The [SSE-based bounds](optimal_scale_search.md) carry over as **necessary conditions** for pruning:

- **Lower bound**: $s_{\min} = \max(0,\; (x_{\max} - \sqrt{E_0}) / q_{\max})$
- **Upper bound**: $s_{\max} = y_{k^*+1} / d_0$ (dead-zone bound)
- **Fast-fail**: Clipping error $\sum_i \max(|x_i| - q_{\max} s, 0)^2 < E_0$

These are computed from the baseline SSE $E_0$ and used to prune the candidate set.
For each surviving candidate $s$, we evaluate the full Hessian error $E_H(s)$ and select
the scale minimizing it.

**Algorithm:**

1. Compute baseline scale $s_0$ and its errors $E_0^{\text{SSE}}$, $E_0^H$.
2. Compute SSE-based bounds $[s_{\min}, s_{\max}]$.
3. For each representable scale $s \in [s_{\min}, s_{\max}]$:
   - If clipping error $> E_0^{\text{SSE}}$: skip (fast-fail).
   - Compute $r = x - s \cdot Q(x/s)$.
   - Compute $E_H(s) = r^T H\, r$.
   - If $E_H(s) < E_H^{\text{best}}$: update best.
4. Return best scale.

## 5. Efficient Computation

**Per-candidate evaluation** requires a matrix-vector product $Hr$ of cost $O(K^2)$ per block,
versus $O(K)$ for SSE. For $K = 32$, this is a 32$\times$ increase per candidate.

**Vectorization**: Since $H$ depends only on the column-block index $j$ (not the row $m$),
the Triton kernel loads $H_j$ once into registers and reuses it across all candidates:

```
H_block = load(H_ptr + j * K * K)           # (K, K) in registers
for each candidate s:
    r = x - dequant(x, s)                   # (K,)
    Hr = sum(H_block * r[None, :], axis=1)  # mat-vec: O(K^2)
    E_H = sum(r * Hr)                       # dot: O(K)
```

The bounds typically reduce the candidate set to 4--8 scales (same as SSE search), so the
total per-block cost is roughly $8 \cdot K^2$ FLOPs.

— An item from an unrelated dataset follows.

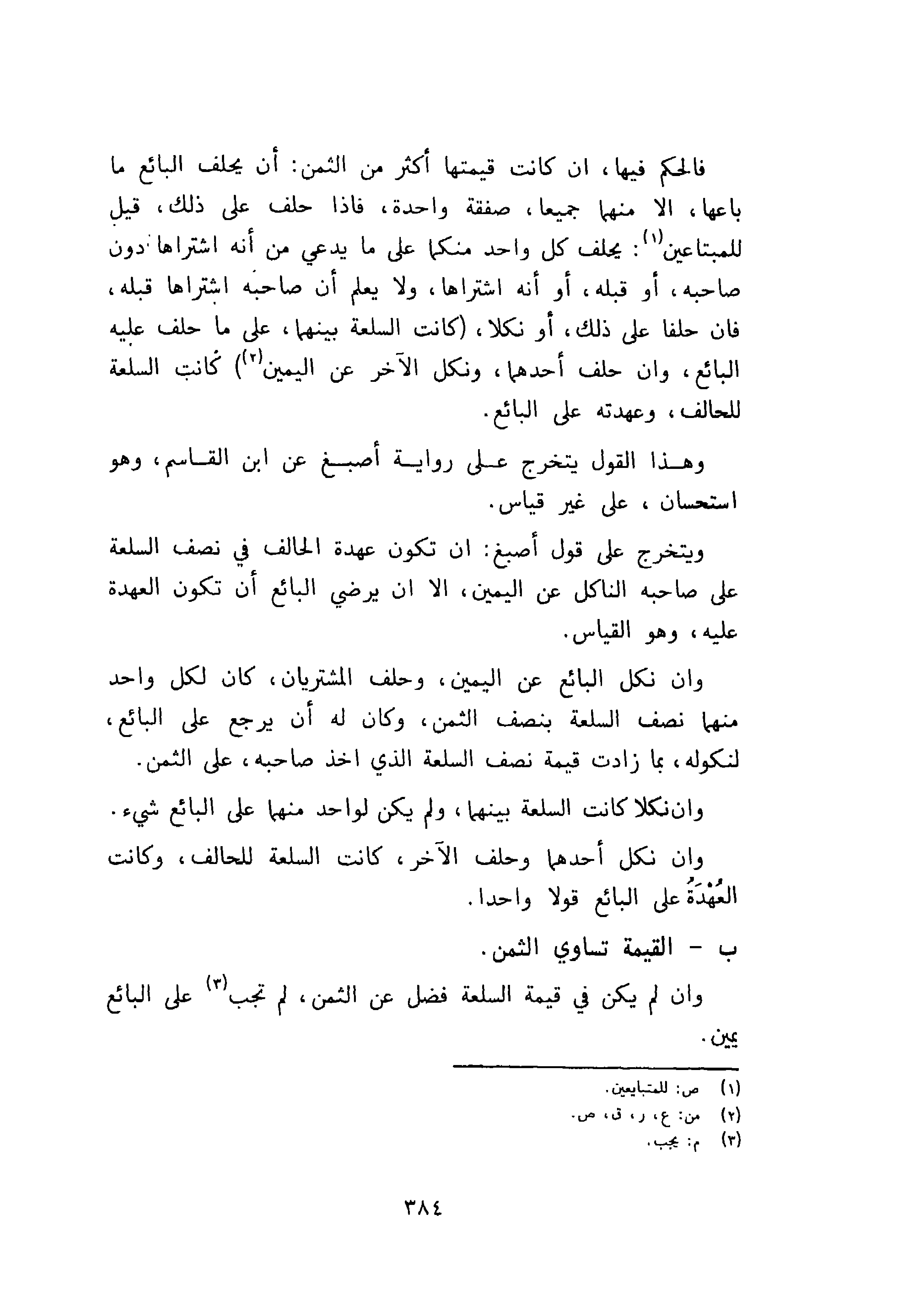 وان نكل البائع عن اليمين، وحلف المشتريان، وكان لكل واحد منهما نصف السلعة بنصف الثمن وكان له أن يرجع على البائع، لنكوله بما زادت قيمة نصف السلعة الذي اخذ صاحبه، على الثمن.

## 6. Closed-Form Optimal Continuous Scale

For fixed quantization levels $q$, the Hessian-weighted error is quadratic in $s$:

$$E_H(s) = x^T H x - 2s\,(x^T H q) + s^2\,(q^T H q)$$

The minimum is at:

$$s^* = \frac{x^T H\, q}{q^T H\, q}$$

This closed form is used in the ADMM algorithm for the scale update step.
The Hessian-aware scale search instead evaluates all representable scales in $[s_{\min}, s_{\max}]$,
which is more robust since $q(s) = Q(x/s)$ changes with $s$.

## 7. Results

See [Results](results.md) for full benchmark tables and analysis of Hessian-aware improvements.